Couple of weeks later. He messaged me asking what my expectations are of him, and then he said "It's about money. For dates would you expect me to pay all the way. Because it's only customary for the guy to pay for the 1st date"
Then I replied saying I would contribute. He replied with "Thank you! That's the answer I was hoping for. Because tbh I can't afford to pay 100% for all dates with my current salary"
I currently don't have a full time job as I'm a uni student. I then said "I don't even have a proper job currently so it's probably smartest if we do things that involve not spending. I do not mind contributing however if I am invited and then expected to pay (for example my own movie ticket) I would feel insulted"
His reply was "I don't mind paying a bigger portion e. g. 80%, all I'm asking is you contribute some"
He's Asian and as far as I am aware, most men pay for women. In fact, almost every date. I was told by my previous ex Asian boyfriend that generally speaking, the woman NEVER pays on any sort of date in his culture. I live in Asia, not America for those who immediately assume. He's not an American Asian in any shape or form.
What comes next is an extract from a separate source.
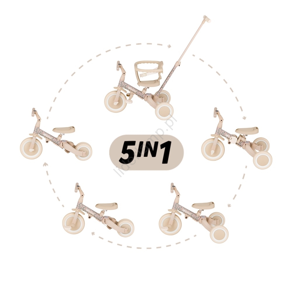 • Wielofunkcyjny trójkołowiec z 5 trybami, dopasowanymi do wieku i umiejętności dziecka.

When it comes down to it, I do not mind paying but I am offended by how he asked me (over text) and then booked for us to go to see a movie (more cost) and then texts me a few days beforehand talking about money and that he expects me to contribute. I've never expected him to pay for me and previously in my dating life I have always offered and the man has refused.
Most Helpful Guy
... Am I missing something or is the first paragraph you complaining about having to buy you own bottles water after he had spent over $100 on the date?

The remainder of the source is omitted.